This also covers organic gardening topics, such as beneficial insects, composting, and the like. Other entries relate to specific topics of interest, such as cold frames.

With nearly 500 pages, this encyclopedia will be one of the most used garden books on your bookshelf.



“All New Square Foot Gardening-Grow More in Less Space”

By Mel Bartholomew, a best selling author, this color illustrated, updated edition was released by Cool Springs Press. Written in an engaging style, the author uses no jargon.

He shows how space saving, square foot gardening is far superior to the standard vegetable plot with single rows. If you haven’t had a vegetable garden before, this book explains everything you need to know.

This is really the best all-around approach for those with limited garden space. It uses raised beds and wooden boxes. The author walks you through all the basics from planning the garden and building the beds/boxes to planting and harvest.

This also explains how to extend the growing season. Throughout the book are boxes with quick tips and helpful lists.

There are step by step directions for all the basic garden techniques that beginners need to know, such as composting and adding plant supports.

There are profiles of each crop, including both flowers and veggies. At the back are helpful charts and tables as well as a glossary of terms.



“The Southern Kitchen Garden”

For the South, this is by the best book by far. By William D. Adams and Thomas R. Leroy, this was published by Taylor Trade, an imprint of Rowman and Littlefield.

This is illustrated with color as well as black and white photos and line drawings.

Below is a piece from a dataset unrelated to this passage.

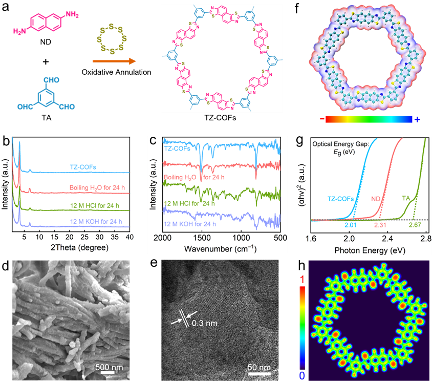 实验表征和理论计算表明:选择均苯三甲醛和2, 6-萘二胺为反应原料,在温和条件下与硫发生反应,成功合成了噻唑基共价有机框架(TZ-COFs),其展示出低能带间隙、高导电性和稳定性,有助于捕获碘物种并加速碘的氧化还原反应动力学。

This comprehensive title covers all edibles from fruits and nuts to veggies, herbs, and edible flowers. A chapter is devoted to each one. There are suggestions for both cool and warm season crops along with recommended varieties.

Newcomers to the region will find this invaluable guide has all the information they need for a successful edible landscape.

There is an in-depth profile for each crop along with a quick reference chart listing all the basics. Throughout the book there are useful charts and tables. There is also extensive information on how to use each crop.

Readers will learn how to prune and train their fruit trees as well as how to grow unusual hardy ones, such as pawpaw and bananas. There is also extensive information on how to use each crop.

In addition, this covers all the basics. These include how to prepare the soil, how to cope with pests and other problems, and how to propagate plants.

The appendix has all sorts of helpful information, including garden plans for the various seasons and lists of garden websites. There are also lists of seed companies, nurseries, and other mail order sources for seeds, plants, and gardening supplies.